Return every line from the one with "Organizatorul acțiunii de" through the one with "Сервис scamadviser com", inclusive, exactly as it appears below.

(Source material):
-*-

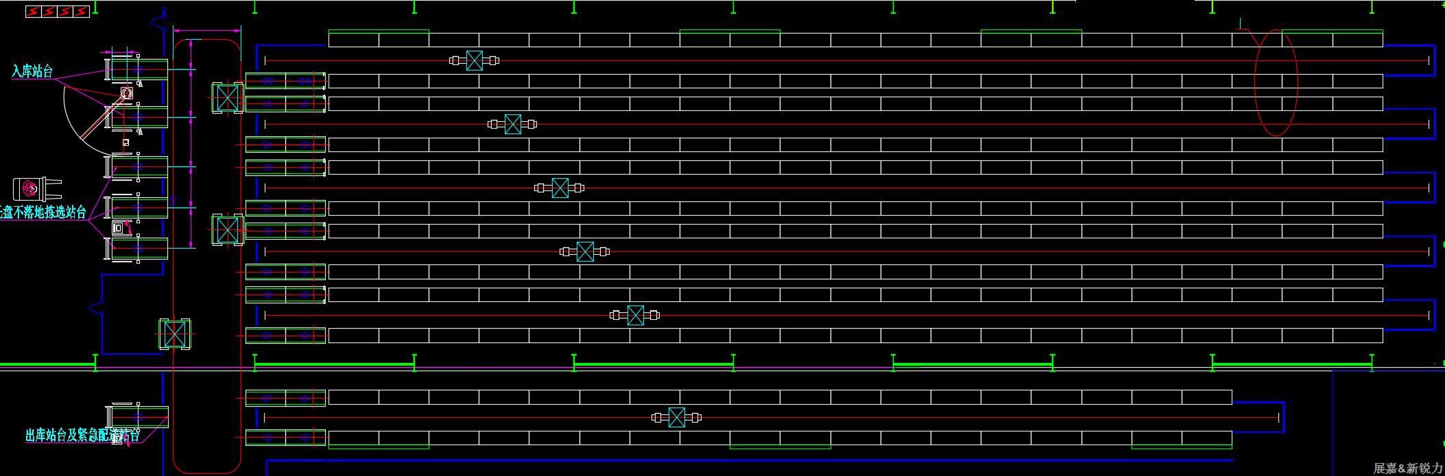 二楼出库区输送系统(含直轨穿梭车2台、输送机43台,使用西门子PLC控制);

-*-

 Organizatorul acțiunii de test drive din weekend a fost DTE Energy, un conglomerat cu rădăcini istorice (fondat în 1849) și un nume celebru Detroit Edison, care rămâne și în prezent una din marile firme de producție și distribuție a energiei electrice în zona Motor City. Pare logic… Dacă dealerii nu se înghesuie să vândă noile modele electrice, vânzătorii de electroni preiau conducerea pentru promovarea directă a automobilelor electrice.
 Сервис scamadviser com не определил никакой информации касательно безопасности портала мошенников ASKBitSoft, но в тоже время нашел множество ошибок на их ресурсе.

-*-

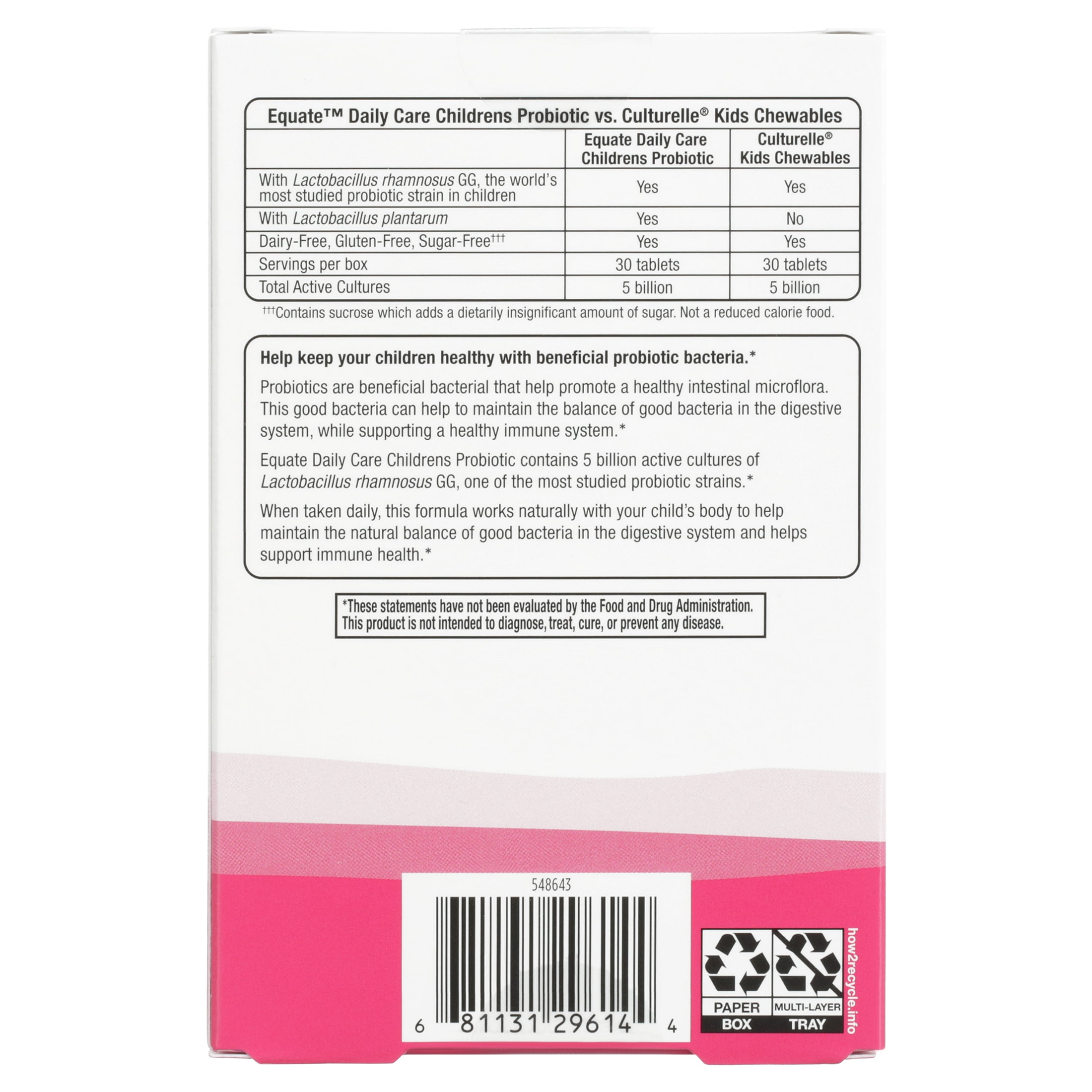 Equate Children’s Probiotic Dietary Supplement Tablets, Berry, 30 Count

-*-

(Task output):
 Organizatorul acțiunii de test drive din weekend a fost DTE Energy, un conglomerat cu rădăcini istorice (fondat în 1849) și un nume celebru Detroit Edison, care rămâne și în prezent una din marile firme de producție și distribuție a energiei electrice în zona Motor City. Pare logic… Dacă dealerii nu se înghesuie să vândă noile modele electrice, vânzătorii de electroni preiau conducerea pentru promovarea directă a automobilelor electrice.
 Сервис scamadviser com не определил никакой информации касательно безопасности портала мошенников ASKBitSoft, но в тоже время нашел множество ошибок на их ресурсе.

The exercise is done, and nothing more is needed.